* [What needs to be done] Pictures must not appear; the answer is exactly the lines from the one that holds "This is the" through the end of the material.

Data below Block Start

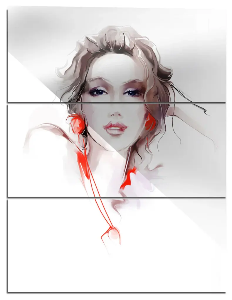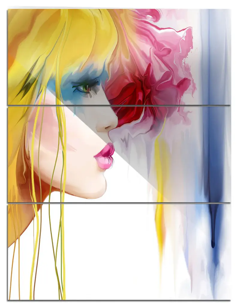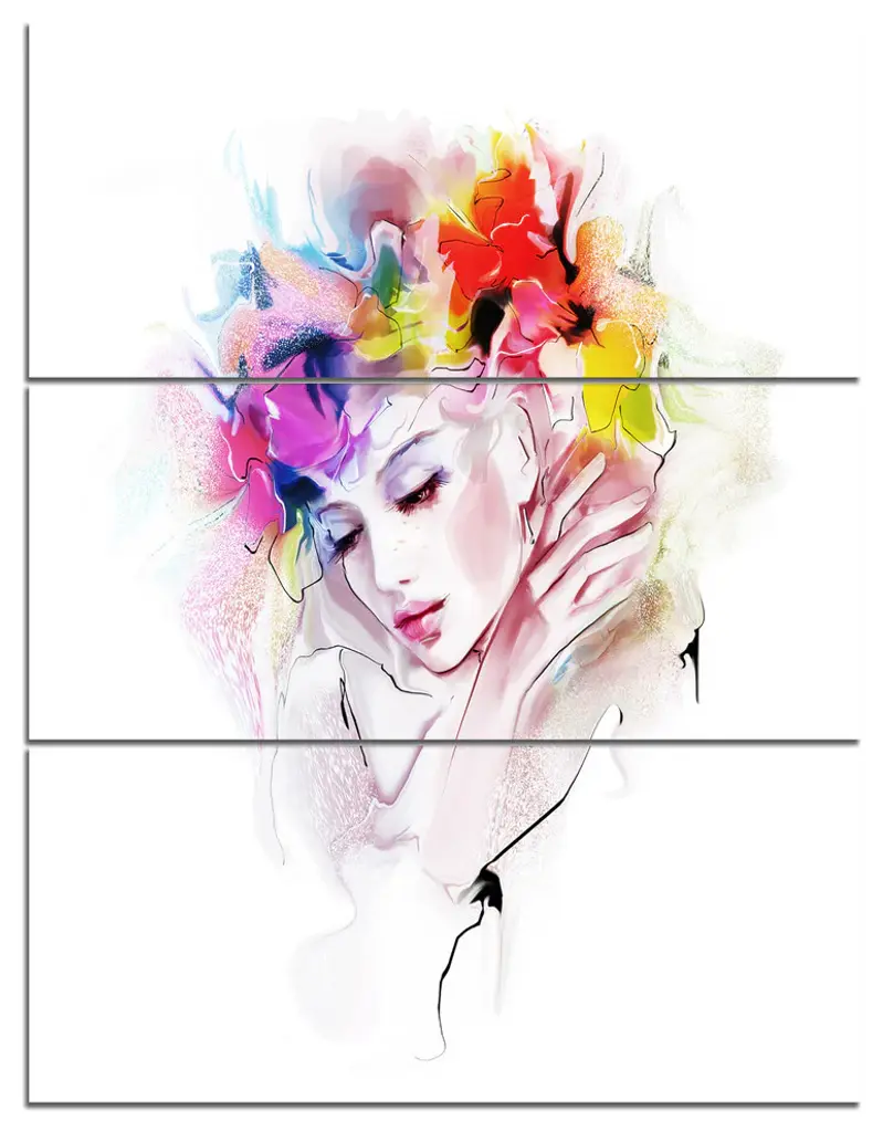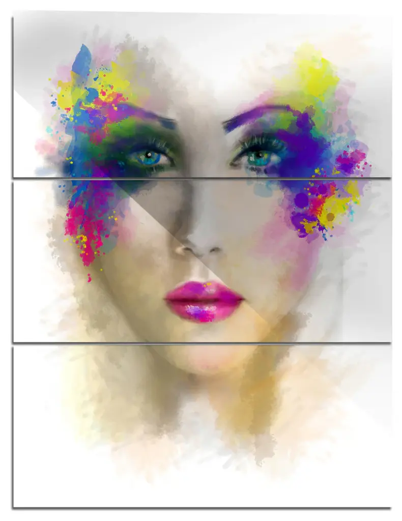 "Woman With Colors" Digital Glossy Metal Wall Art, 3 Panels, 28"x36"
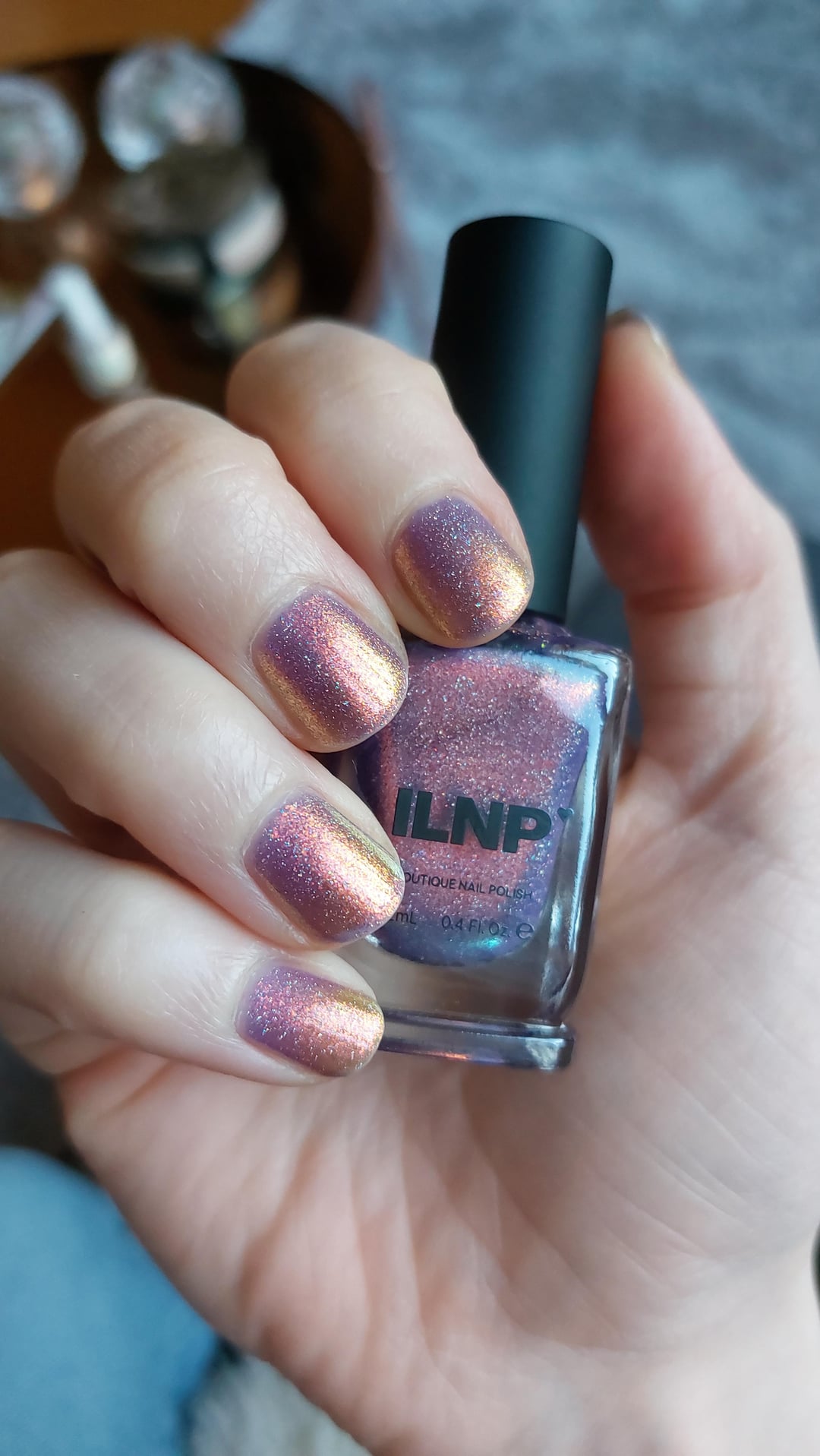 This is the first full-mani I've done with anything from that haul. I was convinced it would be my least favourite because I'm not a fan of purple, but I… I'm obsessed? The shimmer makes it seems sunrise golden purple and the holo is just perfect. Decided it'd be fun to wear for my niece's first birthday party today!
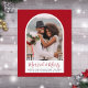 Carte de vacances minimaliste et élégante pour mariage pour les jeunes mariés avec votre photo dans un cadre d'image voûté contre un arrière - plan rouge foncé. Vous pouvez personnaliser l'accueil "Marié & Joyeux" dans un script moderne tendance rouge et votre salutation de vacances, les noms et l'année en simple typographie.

Data below Block End

* [Solution for this problem]
 This is the first full-mani I've done with anything from that haul. I was convinced it would be my least favourite because I'm not a fan of purple, but I… I'm obsessed? The shimmer makes it seems sunrise golden purple and the holo is just perfect. Decided it'd be fun to wear for my niece's first birthday party today!
 Carte de vacances minimaliste et élégante pour mariage pour les jeunes mariés avec votre photo dans un cadre d'image voûté contre un arrière - plan rouge foncé. Vous pouvez personnaliser l'accueil "Marié & Joyeux" dans un script moderne tendance rouge et votre salutation de vacances, les noms et l'année en simple typographie.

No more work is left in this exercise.